Lacroix is all about saying yes to the disabled.

"I talk to people and I say, 'Do you want to do this or that?'" she said. More often than not, the response is, "I can do this?" To which she replies, "Of course! I wouldn't suggest it if you couldn't!"

It has taken years of work for Lacroix to develop all this on-the-ground, in-the-water and in-the-air knowledge of what is available and what can be done by disabled travelers.

She knows what cruise lines have the most accessible ships, right down to the most accessible merry-go-round (that's Royal Caribbean International).

She has checked out most Caribbean islands to find out which have beach chairs, accessible vans and other equipment for the disabled.

Because she conducts that kind of research all over the world, she can plan trips like a recent 12-night cruise that included shore excursions in St. Petersburg, Russia; Helsinki, Finland; Stockholm, Sweden; Copenhagen, Denmark; Oslo, Norway; Tallinn, Estonia; and London. The group did something unique in each port. She has also booked cross-country driving tours for disabled clients.

She turns frequently to the Special Needs Group, which rents wheelchairs; mobility scooters; special beach chairs for getting people onto the beach and into the ocean; and oxygen tanks in about 100 cities in 30 countries. It also provides listening devices for those with limited hearing and Braille text for the visually impaired. Some cruise lines even provide menus in Braille.

Andrew Garnett, president and CEO of the Special Needs Group, worked with a couple who booked a cruise from Rome's Civitavecchia port to Venice. One person in the couple was in a wheelchair.

He booked equipment and tours for them at every port, including Naples, Sicily and Venice. In most ports he was able to find an accessible vehicle. The exception was Venice. However, public transportation in Venice is very accessible. So Garner hired a guide who met the couple at their ship and took them all over Venice.

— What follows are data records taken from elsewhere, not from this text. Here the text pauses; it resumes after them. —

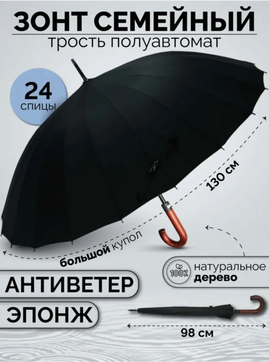 Зонт трость мужской полуавтомат, зонтик женский антиветер 800, 800, черный интересное:
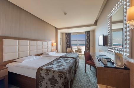 Camera deluxe cu vedere la mare are 24 mp si urmatoarele facilitati: 2 paturi, balcon, Tv, birou, seif, telefon, aer conditionat, baie cu cada sau dus, uscator de par, minibar, serviciu de trezire. Camerele sunt repartizate pe toate etajele hotelului ( de la parter pana la ultimul etaj, asadar vederea la mare poate fi partiala sau totala). Mentiune: pentru camerele in regim triple (3 adulti) sau camere double (2 adulti si 1 copil): vor fi 2 paturi single si un pat extensibil.
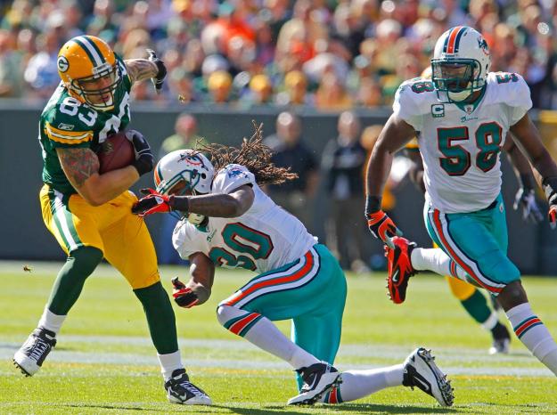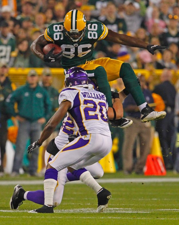 Green Bay Packers tight end Donald Lee leaps over Minnesota Vikings defenders Madieu Williams and Chad Greenway.
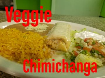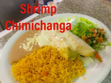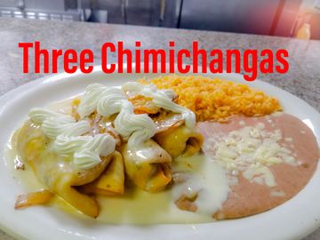 A flour tortilla burrito fried GOLDEN Brown glazed With Queso Dip,alongside plated Rice and Beans,Lettuce,Pico de Gallo,Sour cream-Choice Beef or Shredded Chicken
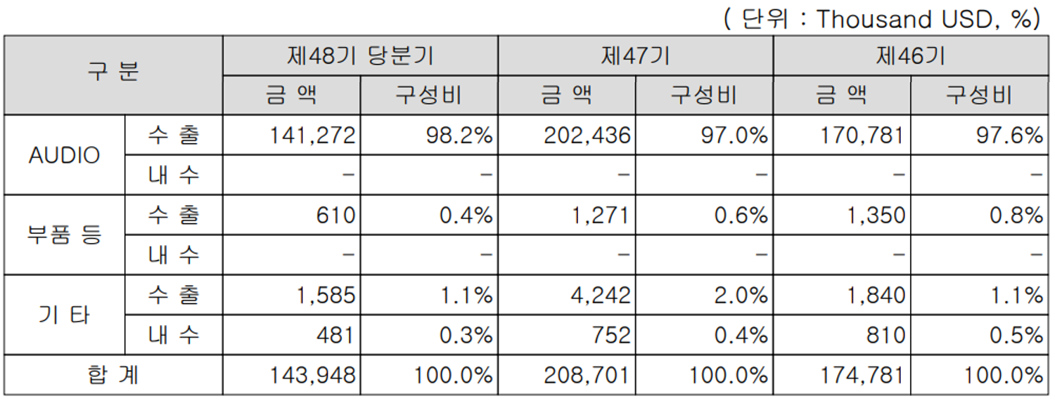 당사는 ODM 방식으로 대부분 베트남 현지법인을 통해 수입 수출하다 보니 보고서에 기재된 통화는 USD입니다. 오디오(AV) 관련 매출 비중이 98.2%로 대부분을 차지하며, 기타에는 브랜드 사용권 수익 및 당사의 본사 건물 임대 수익 등이 포함되어 있습니다.
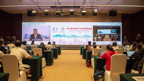 第44屆世界遺產(chǎn)大會(huì)新聞發(fā)布會(huì)福建福州主會(huì)場(chǎng)(央廣網(wǎng)發(fā) 林雙偉攝)
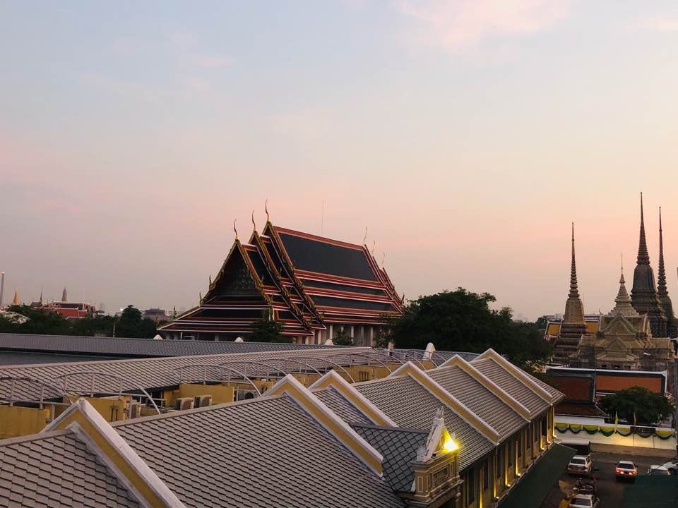 통창에서 보여지는 노을진 왓포 사원뷰ㅠ

Money was not an object with this family, Garnett said.

"They didn't care what anything cost," he said. "They just wanted to have the experience, and they were thrilled with everything."

Both Garnett and Lacroix like cruise ships because disabled passengers only have to unpack their paraphernalia once but can still see several destinations.

"The rule of thumb is, the newer the vessel, the more accessible it is," Garnett said.

However, river cruises remain something of an emerging market for the disabled, he said. River cruise ships don't all have elevators, and they sometimes dock alongside another vessel, which means you might be traveling on an accessible vessel but have to get to the port through a vessel that's not accessible.

SNG is talking to one river cruise line in an effort to identify itineraries that are accessible.

Debra Kerper, owner of Easy Access Travel (www.easyaccesstravel.com), said it's important to look at the whole picture. A cruise ship might be accessible, but you have to check out each port of call to make sure there's a way for your clients to get into them. And a wheelchair-accessible cabin is not the same on all ships.

This is a specialty that has a certain amount of heartbreak built into it. Kerper said she knows that some of the trips she books for clients are going to be the last they'll take with their families. The memories created on these trips are probably going to be some of the last these families will have with their loved ones.

Lacroix recently lost a client, a 22-year-old with multiple sclerosis, who had gone on a cruise with her in April. At one point he was moved from his wheelchair into a beach chair and then into the water, where staff put him into a life jacket so he could float freely in the water.

"We fulfilled one of his dreams," Lacroix said. "We took him into the ocean."